Five-year court case finally resolved with suspended sentence
A woman who waited five years for her drugs case to be resolved has been given a suspended six-month jail sentence.
Magistrates’ Court heard that Zaharrin Simmons, 30, had been fighting two counts of drug possession in an increased penalty zone since 2017 before admitting her offences on Friday.
Alan Richards, for the Crown, admitted that the case faced “several complications”, including a trial date where none of the Crown’s witnesses or the defendant appeared.
The court heard that Simmons was an inmate at the Co-Ed Facility in St George’s for an unspecified reason.
Corrections officers carried out routine cell inspections on July 25, 2016 and found a “small and bulky” object.
Simmons immediately put the object in her mouth and refused to take it out, but eventually gave up the bag which held a smaller twist bag and two packages with a plantlike substance inside them.

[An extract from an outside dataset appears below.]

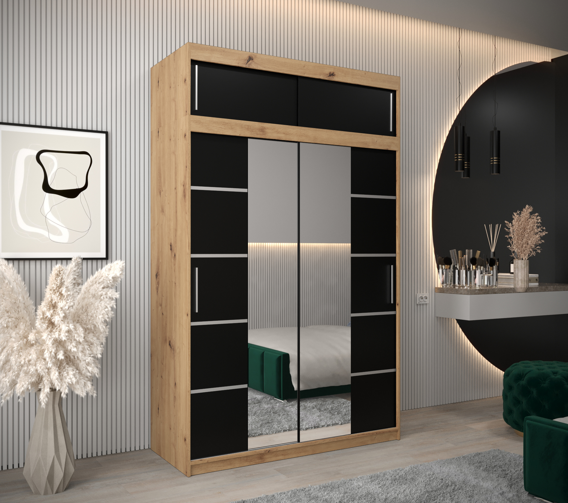 Šatní skříň Abi V4 s nástavcem Hledáte moderní šatní skříň s posuvnými dveřmi, která vás okouzlí svým originálním vzhledem? Nehledejte nic jiného než šatní skříň Abi V4 s nástavcem! Šatní skříň nabízí velký úložný prostor a kvalitu. Můžete si vybrat z několika velikostí a barev, takže se skříň přizpůsobí vašim potřebám. • Vlastnosti šatní skříně Korpus a posuvné dveře Korpus a dveře jsou vyrobeny z kvalitní laminované dřevotřískové desky o síle 16 mm. PVC hrany Hrany desek jsou opatřeny PVC dýhou o síle 0,5 mm Ozdobné pásky Posuvné dveře jsou zdobené stříbrnými plastovými pásky, které je nutno při montáži nalepit. Zrcadlo Na dveřích vám bude k dispozici leštěné zrcadlo. Úchyty k otevření šatní skříně vám poslouží plastové stříbrné úchyty. Vnitřní uspořádání Základem vnitřního uspořádání jsou dvě šatní šatní a police - lze si dokoupit zásuvky. • Barevné varianty: Šatní skříň Abi V4 s nástavcem je dostupná v dekorech a barvách dub artisan, dub sonoma, černá a bílá. Všechny tyto odstíny lze vzájemně kombinovat. dub artisan dub sonoma černá bílá • Rozměry 240 cm celková výška 6 rozměrů celková šířka 62 cm celková hloubka 16 mm tloušťka desky 6 rozměrů šířka 100 cmšířka 120 cmšířka 150 cmšířka 180 cmšířka 200 cmšířka 250 cm Detailní rozpis jednotlivých balíků při přepravěV odkazu níže naleznete podrobnosti týkající se počtu balíků, jejich rozměry a váhuRozpis jednotlivých balíků • ZásuvkyPraktické rozšíření univerzální a stylové skříně Abi o nástavec se zásuvkami. Elegantní rozšíření se dvěma, nebo od šířky 180 cm, dokonce se čtyřmi šuplíky je ideální pro rozšíření skříně o další úložný prostor. Barevné provedení zásuvek je stejné jako korpus šatní skříně. vnitřní uspořádání do šířky 150 cm rozšíření o šuplíky u šířky do 150 cm vnitřní uspořádání od šířky 180 cm rozšíření o šuplíky od šířky 180 cm • Další modely šatních skříní z řady AbiZaujala Vás tato šatní skříň, ale představovali by jste si jiný rozměr, barevnou kombinaci nebo variantu zrcadla? Jedním kliknutím na odkaz níže se vám nabídnou další šatní skříně. A další výhodou těchto šatních skříní je i možnost dokoupení nástavců. Zobrazit další modely... • Další součásti ložniceVybavujete nový byt nebo chcete obměnit svůj stávají nábytek v ložnici? Postel je středem veškerého dění v místnosti. V naší nabídce naleznete veškeré komponenty ložnice.Zobrazit další nábytek.... • Upozornění Odstíny prezentované na fotografiích jsou ilustračním materiálem, barvy se mohou lišit od vyobrazení na fotografiích podle nastavení vašeho zobrazovacího zařízení. Zboží dodáváme vlastní dopravou! Zboží rozvážíme také o víkendu. Dodáváme v demontu s podrobným instruktážním návodem. Objednat si také můžete naše doplňkové služby jako je montáž na místě, výnos do patra a nebo ekologickou likvidaci starého nábytku. Zájem o služby přidejte do košíku v objednávce. Ceník doplňkových služeb - výnos, ekolikvidace a montáž Montáž na místě Pokud se nechcete trápit s montáží, rádi Vám sestavíme nábytek na místě Výnos až do bytu Nechcete se tahat se zakoupeným zbožím? Rádi vám nábytek vyneseme až do bytu. Doprava Paul nábytek Zboží vám dopravíme až k domu naší vlastní dopravou, aby nedošlo k poškození cizím dopravcem. Ekologická likvidace Pokud si přejete, můžeme odvést starý nábytek a ekologicky jej nechat zlikvidovat. Zboží dodáváme po celé České republice! Dodáváme v demontu s podrobným instruktážním návodem. Objednat si také můžete naše doplňkové služby jako je montáž na místě, výnos do patra nebo ekologickou likvidaci starého nábytku. Požadované služby přidejte do košíku v objednávce. Montáž na místě Pokud se nechcete trápit s montáží, rádi Vám sestavíme nábytek na místě Výnos až do bytu Nechcete se tahat se zakoupeným zbožím? Rádi vám nábytek vyneseme až do bytu. Doprava ČR Zboží vám dopravíme až k domu za první uzamykatelné dveře po celé České republice. Ekologická likvidace Pokud si přejete, můžeme odvést starý nábytek a ekologicky jej nechat zlikvidovat. Ceník doplňkových služeb - výnos, ekolikvidace a montáž Upozornění Produkty prezentované na fotografiích jsou ilustračním materiálem, barvy se mohou lišit od vyobrazení na fotografiích podle nastavení vašeho zobrazovacího zařízení.

Officers asked Simmons what they were but she refused to say.
Police were alerted to the find and the packages were sent to be tested for drugs. Tests showed that the bags had 1.52g of cannabis, 0.05g of MDMA, also known as ecstasy, and tobacco.
The court heard that Simmons denied the charges on February 14, 2017 and that the case had since been set for trial at least twice.
Susan Mulligan, for the defence, said that her client had left the island shortly after her release and moved to Britain, but returned temporarily to help her family and resolve the case.
Simmons told the court: “I’ve been trying to move past this.”
Magistrate Khamisi Tokunbo sentenced her to three months imprisonment for cannabis possession and six months imprisonment for ecstasy possession.
He ordered that the two run concurrently and suspended the sentence for 18 months.